• **Task instructions**: Output each line of the listing exactly, though pictures are not to appear.

• **Information provided**:
•••••

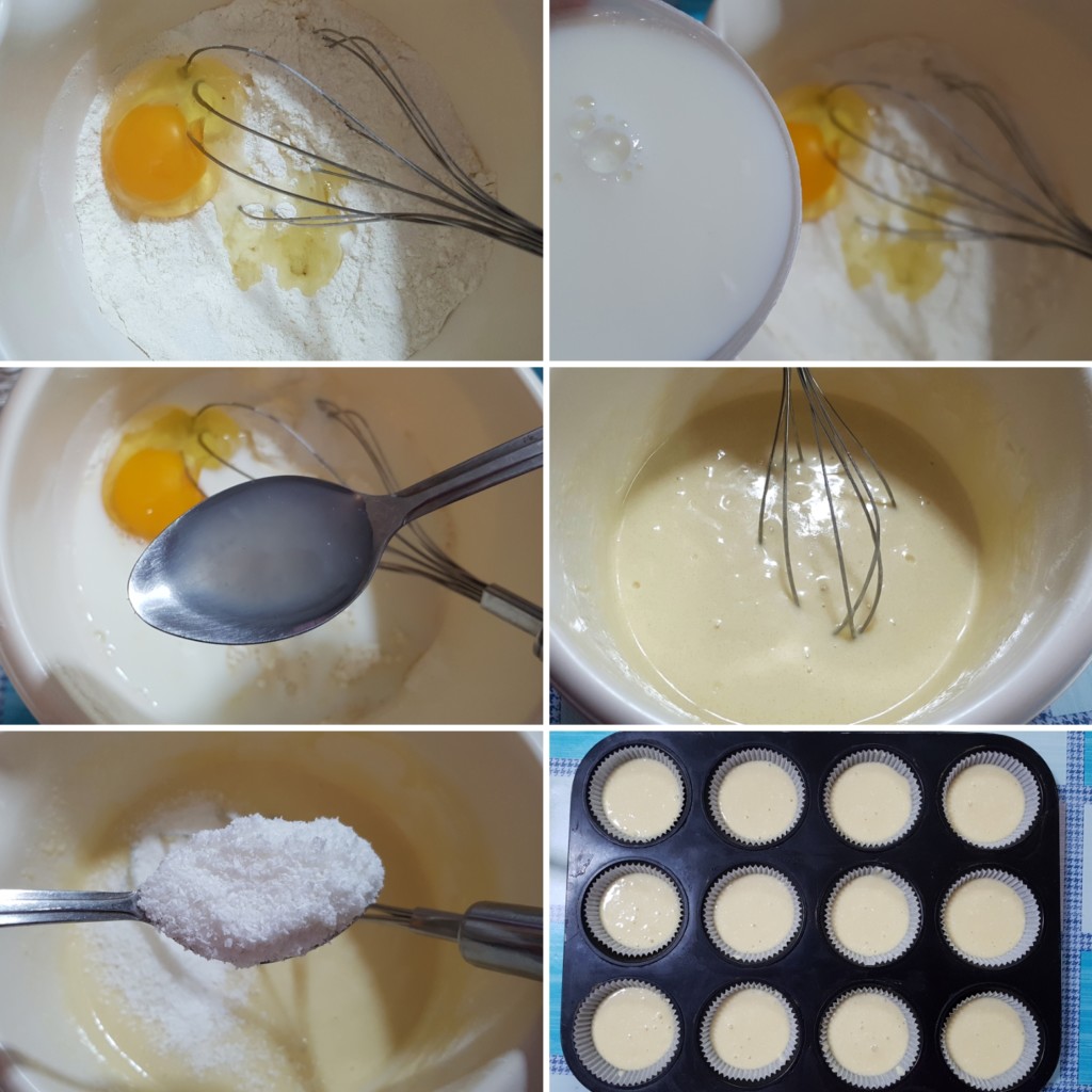 2. Umešajte kokos, a zatim manjom kutlačom rasporedite pripremljenu smesu u papirnim korpicama postavljene otvore kalupa za mafine.
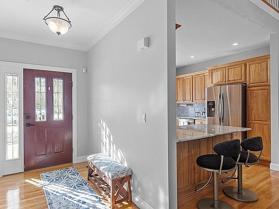 Newly renovated condo in highly sought after Cogswell Farm Atkinson! Beautiful 2 bed colonial style with first and second floor custom en suites that can't be beat! Gleaming hardwood floors throughout the first floor living space, granite countertops, newer stainless steel appliances, wine fridge, over-sized windows, propane fireplace insert and first floor laundry are just the beginning of highlights. Upstairs you find a custom walk-in closet, office space overlooking the first floor and a dream custom shower in the ensuite bath! Beautiful deck, walk-out basement, an oversized two-car garage and plenty of room for storage make this the perfect place to call home!
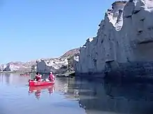 Boaters in the White Cliffs section of Missouri River in the Missouri Breaks (LaBarge Rock not pictured)
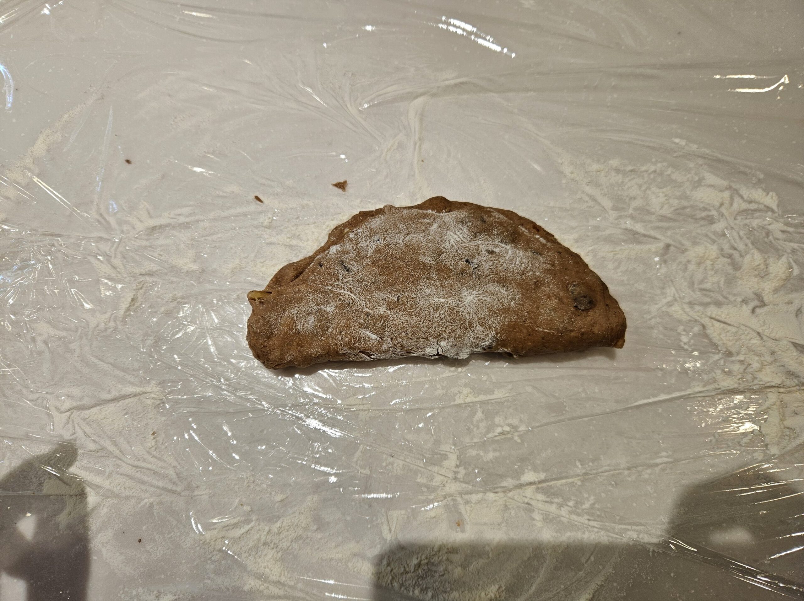 丸めた生地を押しつぶし、半分に折りたたみ、半月状にします。

•••••

• **Answer to the problem**:
 2. Umešajte kokos, a zatim manjom kutlačom rasporedite pripremljenu smesu u papirnim korpicama postavljene otvore kalupa za mafine.
 Newly renovated condo in highly sought after Cogswell Farm Atkinson! Beautiful 2 bed colonial style with first and second floor custom en suites that can't be beat! Gleaming hardwood floors throughout the first floor living space, granite countertops, newer stainless steel appliances, wine fridge, over-sized windows, propane fireplace insert and first floor laundry are just the beginning of highlights. Upstairs you find a custom walk-in closet, office space overlooking the first floor and a dream custom shower in the ensuite bath! Beautiful deck, walk-out basement, an oversized two-car garage and plenty of room for storage make this the perfect place to call home!
 Boaters in the White Cliffs section of Missouri River in the Missouri Breaks (LaBarge Rock not pictured)
 丸めた生地を押しつぶし、半分に折りたたみ、半月状にします。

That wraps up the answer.